-- Try it --
In the data below, locate the line containing "NOTE: This test" and the line containing "great all-around maternal", then retype both and everything between them exactly. Pictures are not part of the copy.

-- Data provided --
----------
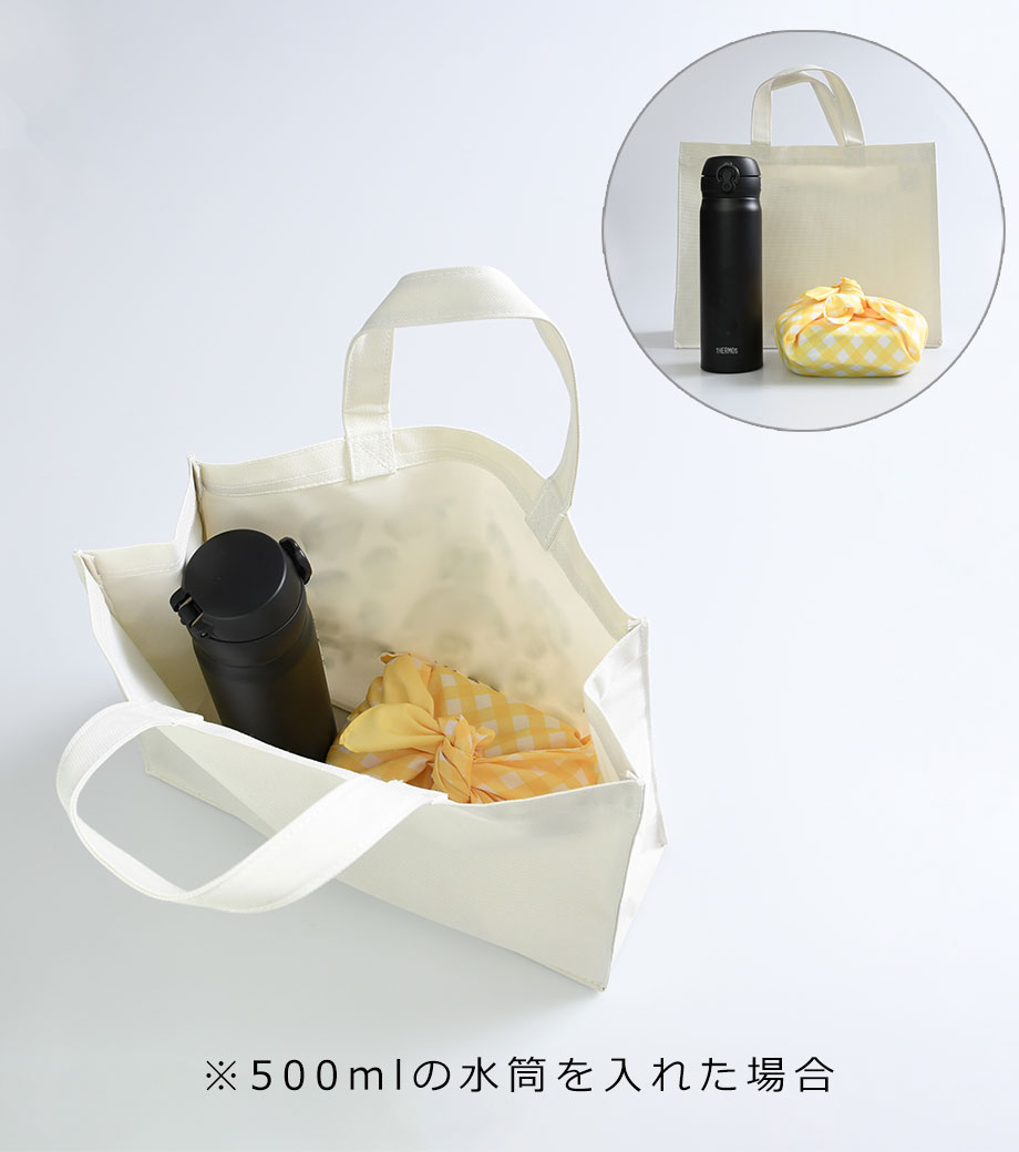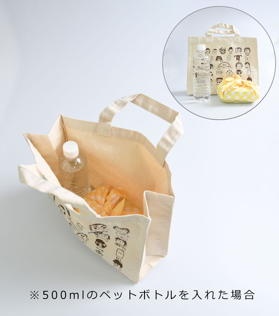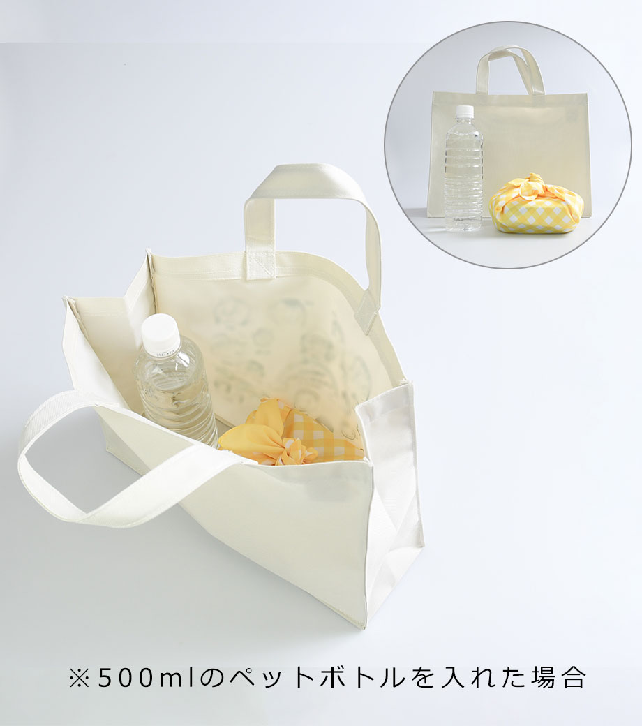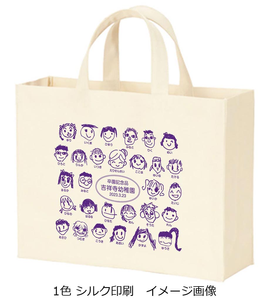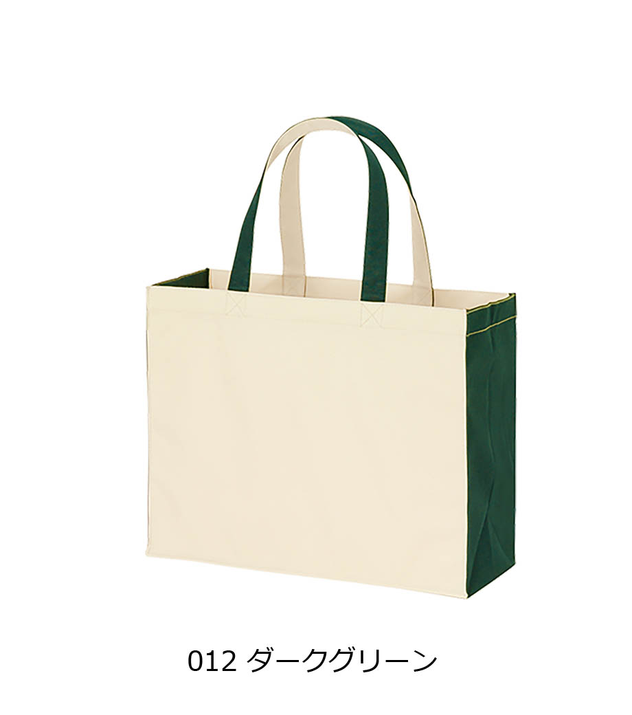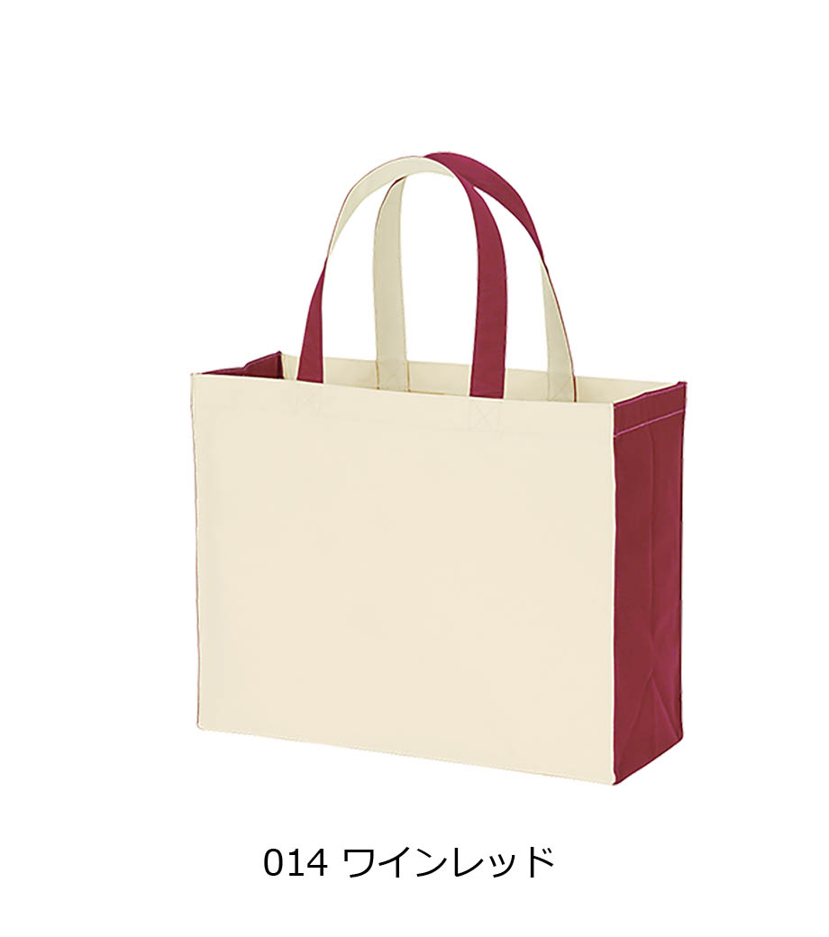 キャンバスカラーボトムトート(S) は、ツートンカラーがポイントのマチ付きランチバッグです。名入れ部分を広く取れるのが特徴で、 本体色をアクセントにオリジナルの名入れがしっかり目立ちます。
----------
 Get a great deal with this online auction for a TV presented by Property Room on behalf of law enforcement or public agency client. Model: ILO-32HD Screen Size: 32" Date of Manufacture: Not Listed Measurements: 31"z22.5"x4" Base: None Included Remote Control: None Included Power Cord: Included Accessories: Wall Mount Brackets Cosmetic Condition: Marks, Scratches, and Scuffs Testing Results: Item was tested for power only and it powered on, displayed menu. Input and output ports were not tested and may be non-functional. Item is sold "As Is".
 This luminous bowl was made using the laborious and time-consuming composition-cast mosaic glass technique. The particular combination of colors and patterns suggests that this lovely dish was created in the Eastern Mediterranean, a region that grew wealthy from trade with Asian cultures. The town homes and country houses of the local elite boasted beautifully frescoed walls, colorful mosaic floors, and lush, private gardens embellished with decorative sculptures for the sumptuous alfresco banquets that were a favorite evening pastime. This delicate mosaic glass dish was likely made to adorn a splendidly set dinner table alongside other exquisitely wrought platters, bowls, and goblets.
----------
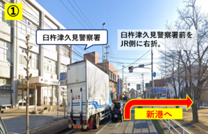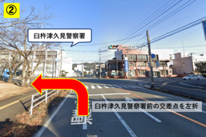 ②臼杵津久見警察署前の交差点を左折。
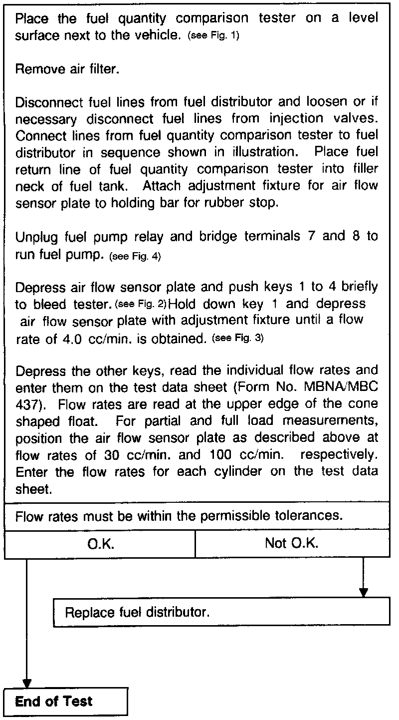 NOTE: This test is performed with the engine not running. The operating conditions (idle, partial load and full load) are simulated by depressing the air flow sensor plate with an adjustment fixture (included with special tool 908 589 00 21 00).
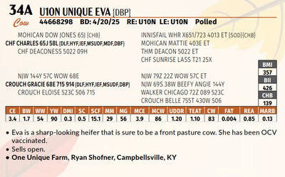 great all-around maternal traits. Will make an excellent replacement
----------
-- The answer --
 NOTE: This test is performed with the engine not running. The operating conditions (idle, partial load and full load) are simulated by depressing the air flow sensor plate with an adjustment fixture (included with special tool 908 589 00 21 00).
 great all-around maternal traits. Will make an excellent replacement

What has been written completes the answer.